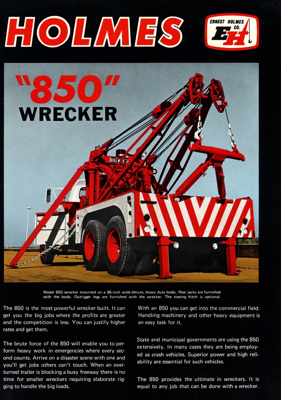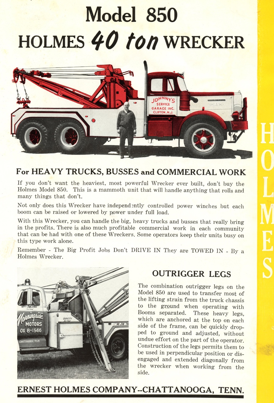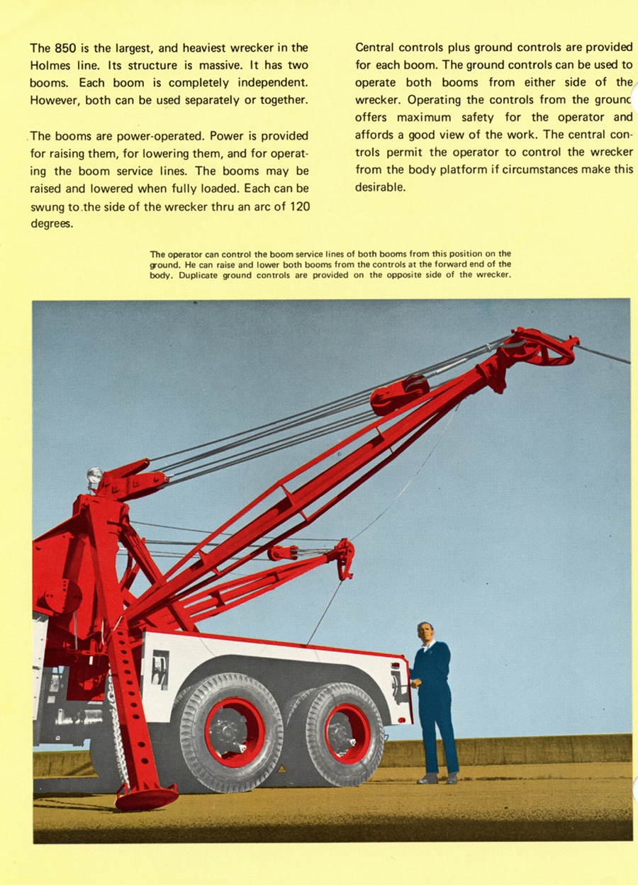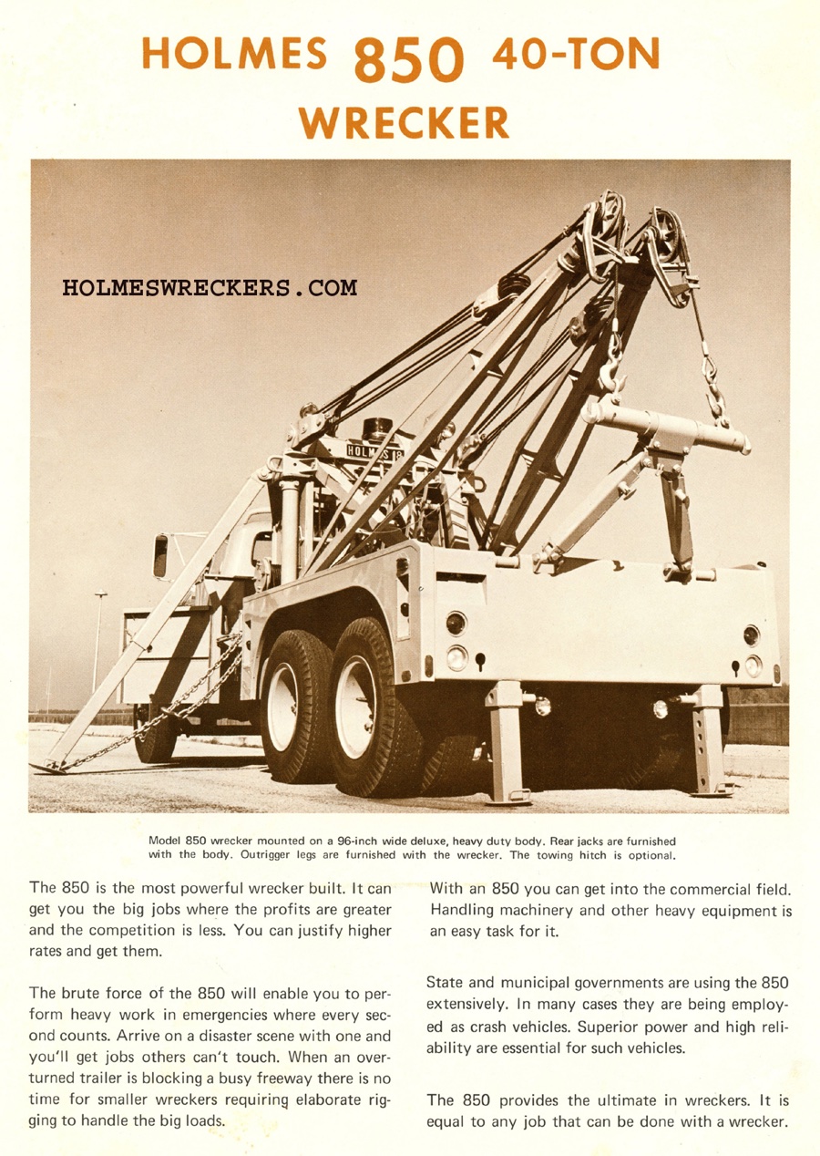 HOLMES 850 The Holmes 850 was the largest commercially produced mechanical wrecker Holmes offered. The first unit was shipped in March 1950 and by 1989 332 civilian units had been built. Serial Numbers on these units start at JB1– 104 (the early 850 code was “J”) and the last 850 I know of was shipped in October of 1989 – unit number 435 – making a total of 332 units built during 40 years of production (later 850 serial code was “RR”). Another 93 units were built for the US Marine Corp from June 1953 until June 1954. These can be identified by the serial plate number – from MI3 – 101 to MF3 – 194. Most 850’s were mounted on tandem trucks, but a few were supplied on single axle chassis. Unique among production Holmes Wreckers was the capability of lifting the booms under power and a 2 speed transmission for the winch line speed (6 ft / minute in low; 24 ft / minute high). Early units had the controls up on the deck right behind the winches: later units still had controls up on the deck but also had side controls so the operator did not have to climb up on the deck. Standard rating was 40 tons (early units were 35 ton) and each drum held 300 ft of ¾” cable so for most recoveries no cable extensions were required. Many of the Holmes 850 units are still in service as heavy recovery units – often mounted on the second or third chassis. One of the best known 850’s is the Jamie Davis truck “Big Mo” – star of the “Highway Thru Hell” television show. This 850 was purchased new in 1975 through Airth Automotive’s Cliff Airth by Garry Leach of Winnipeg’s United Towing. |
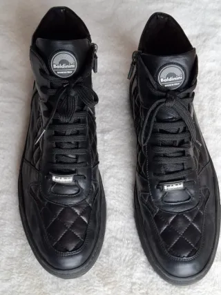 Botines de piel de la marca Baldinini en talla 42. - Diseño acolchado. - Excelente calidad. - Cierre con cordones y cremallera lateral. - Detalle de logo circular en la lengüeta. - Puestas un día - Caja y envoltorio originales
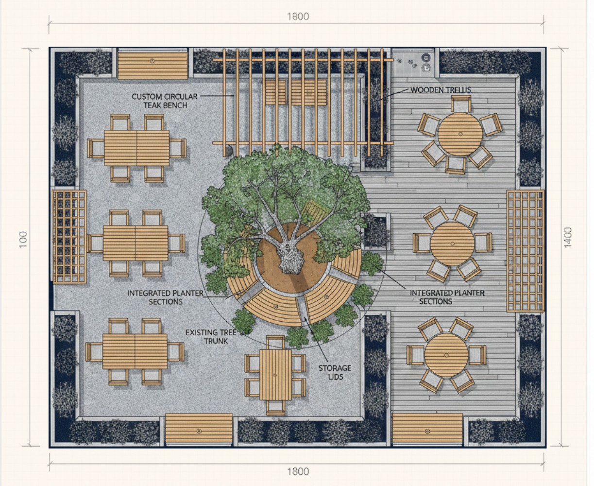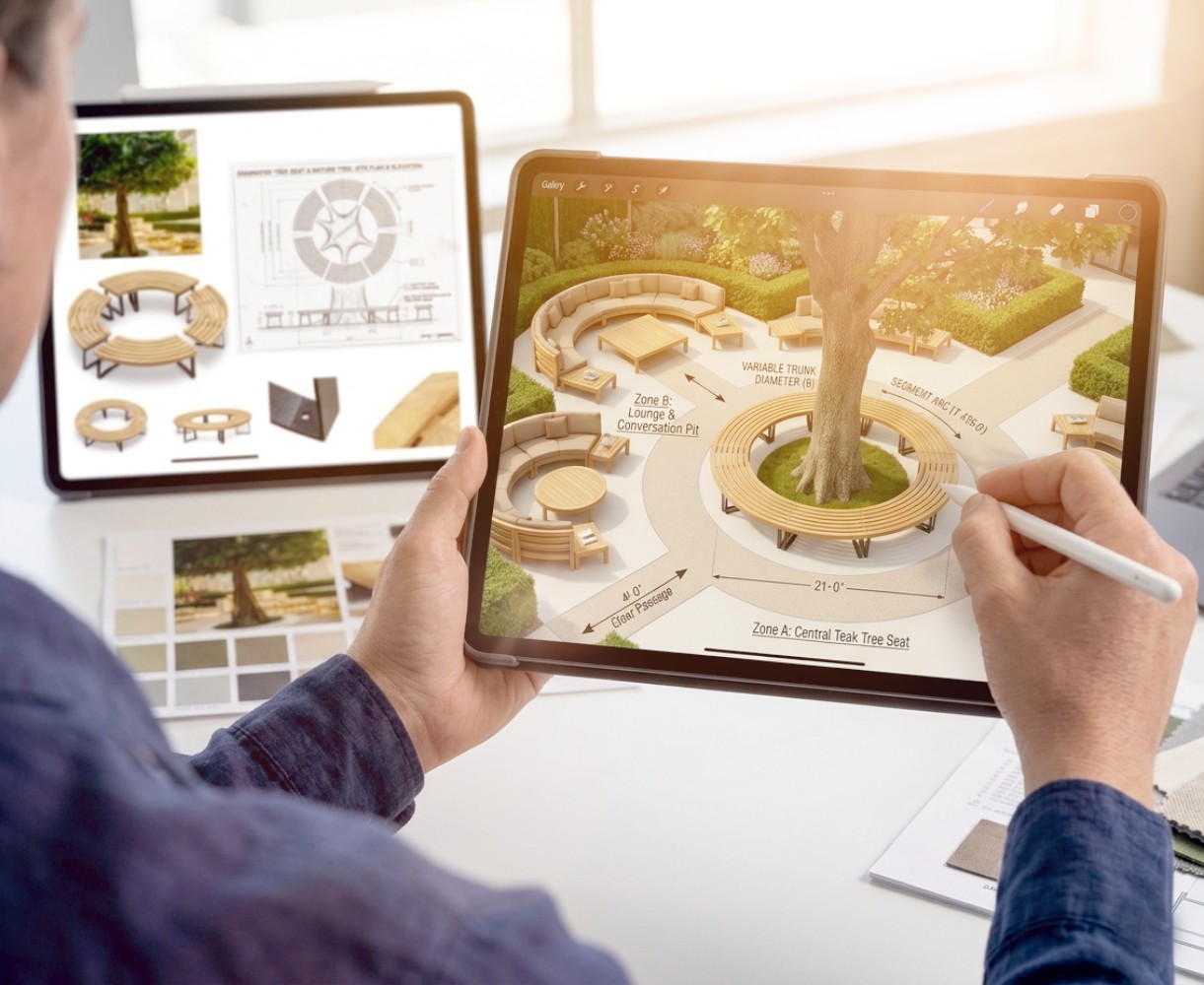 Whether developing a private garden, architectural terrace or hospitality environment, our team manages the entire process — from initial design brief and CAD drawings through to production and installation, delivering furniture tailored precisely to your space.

--

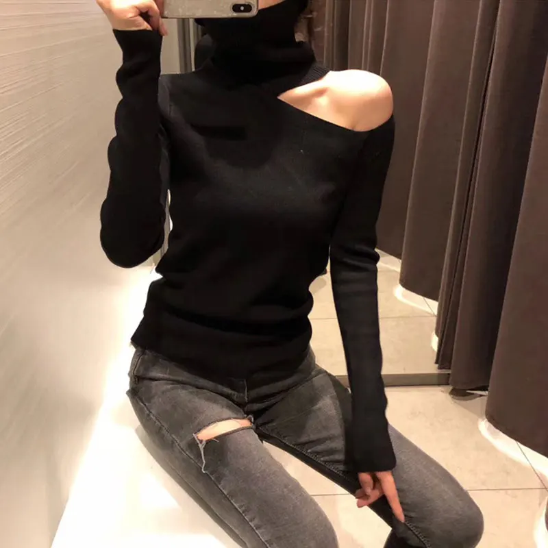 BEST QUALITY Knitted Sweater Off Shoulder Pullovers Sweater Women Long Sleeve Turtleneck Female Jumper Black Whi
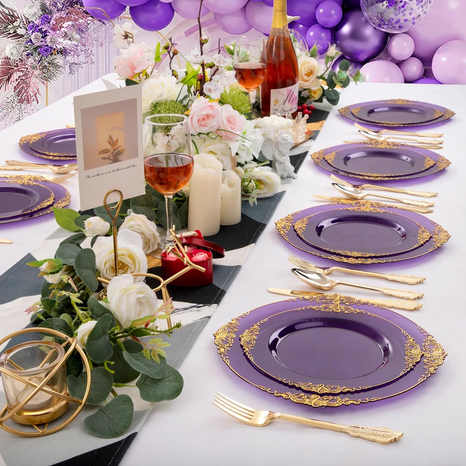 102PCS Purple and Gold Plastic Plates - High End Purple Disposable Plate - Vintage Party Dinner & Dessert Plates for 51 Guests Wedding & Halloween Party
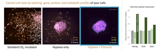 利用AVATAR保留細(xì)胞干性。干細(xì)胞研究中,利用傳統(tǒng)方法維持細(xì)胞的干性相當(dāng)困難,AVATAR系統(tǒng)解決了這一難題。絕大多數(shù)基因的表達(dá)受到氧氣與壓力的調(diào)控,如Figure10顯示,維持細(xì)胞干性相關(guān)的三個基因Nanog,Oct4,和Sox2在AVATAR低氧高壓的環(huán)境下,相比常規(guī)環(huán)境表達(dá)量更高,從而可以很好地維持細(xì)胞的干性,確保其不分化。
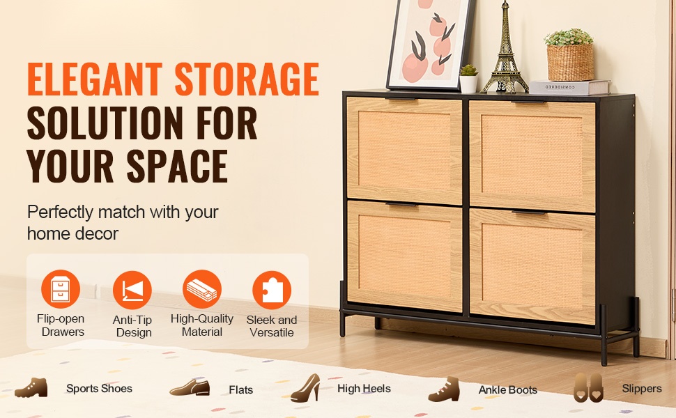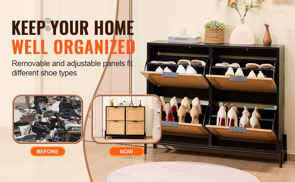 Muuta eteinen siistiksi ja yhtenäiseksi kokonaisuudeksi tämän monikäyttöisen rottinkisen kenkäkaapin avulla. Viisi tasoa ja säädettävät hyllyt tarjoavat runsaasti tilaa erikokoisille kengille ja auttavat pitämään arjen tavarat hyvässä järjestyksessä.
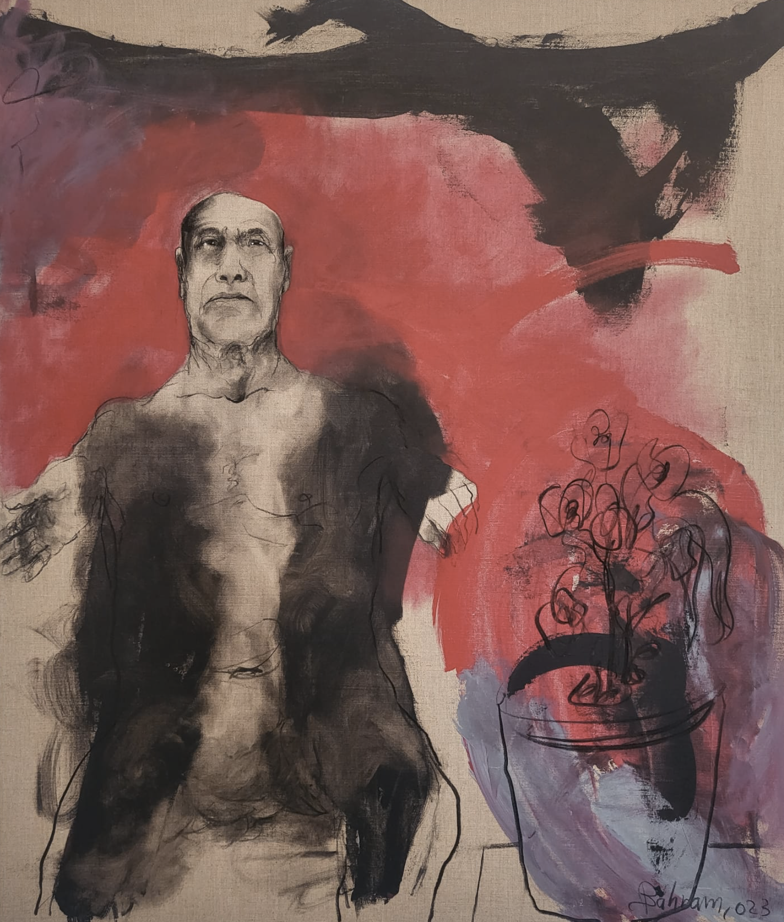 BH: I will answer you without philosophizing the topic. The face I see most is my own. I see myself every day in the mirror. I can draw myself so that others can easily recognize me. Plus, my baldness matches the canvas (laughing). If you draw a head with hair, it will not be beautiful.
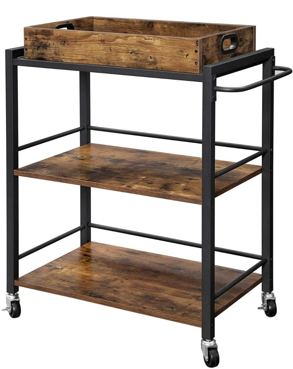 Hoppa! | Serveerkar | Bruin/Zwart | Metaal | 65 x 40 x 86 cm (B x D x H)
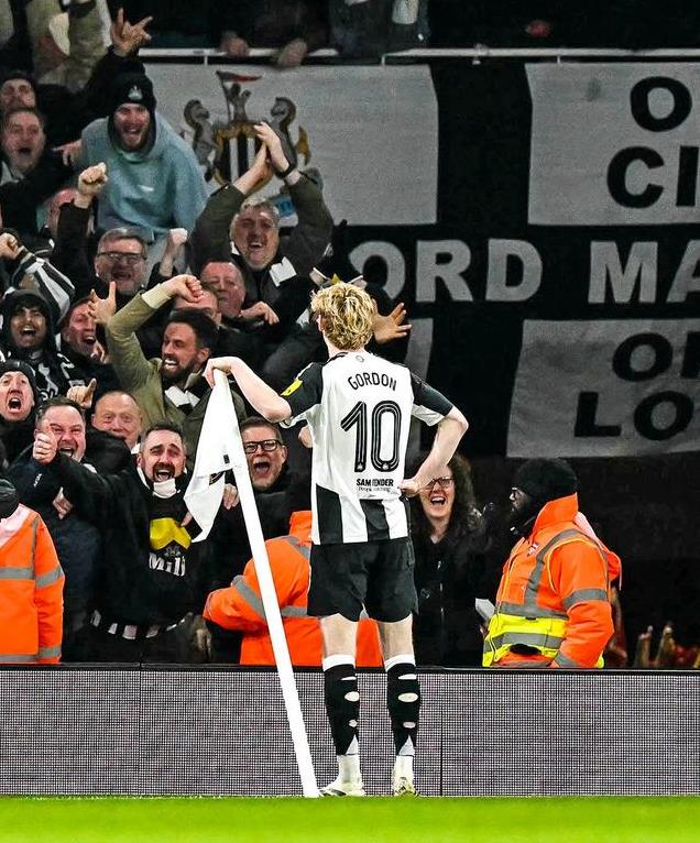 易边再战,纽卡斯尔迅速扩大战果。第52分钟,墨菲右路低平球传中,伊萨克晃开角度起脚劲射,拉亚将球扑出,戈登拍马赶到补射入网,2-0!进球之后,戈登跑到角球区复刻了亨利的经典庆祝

Exercise objective: Given the listing above, retype only the span of lines from the line with "HOLMES 850 The" up to and including the line with "Whether developing a", exactly as it stands and without pictures.

Result for this exercise:
 HOLMES 850 The Holmes 850 was the largest commercially produced mechanical wrecker Holmes offered. The first unit was shipped in March 1950 and by 1989 332 civilian units had been built. Serial Numbers on these units start at JB1– 104 (the early 850 code was “J”) and the last 850 I know of was shipped in October of 1989 – unit number 435 – making a total of 332 units built during 40 years of production (later 850 serial code was “RR”). Another 93 units were built for the US Marine Corp from June 1953 until June 1954. These can be identified by the serial plate number – from MI3 – 101 to MF3 – 194. Most 850’s were mounted on tandem trucks, but a few were supplied on single axle chassis. Unique among production Holmes Wreckers was the capability of lifting the booms under power and a 2 speed transmission for the winch line speed (6 ft / minute in low; 24 ft / minute high). Early units had the controls up on the deck right behind the winches: later units still had controls up on the deck but also had side controls so the operator did not have to climb up on the deck. Standard rating was 40 tons (early units were 35 ton) and each drum held 300 ft of ¾” cable so for most recoveries no cable extensions were required. Many of the Holmes 850 units are still in service as heavy recovery units – often mounted on the second or third chassis. One of the best known 850’s is the Jamie Davis truck “Big Mo” – star of the “Highway Thru Hell” television show. This 850 was purchased new in 1975 through Airth Automotive’s Cliff Airth by Garry Leach of Winnipeg’s United Towing. |
 Botines de piel de la marca Baldinini en talla 42. - Diseño acolchado. - Excelente calidad. - Cierre con cordones y cremallera lateral. - Detalle de logo circular en la lengüeta. - Puestas un día - Caja y envoltorio originales
 Whether developing a private garden, architectural terrace or hospitality environment, our team manages the entire process — from initial design brief and CAD drawings through to production and installation, delivering furniture tailored precisely to your space.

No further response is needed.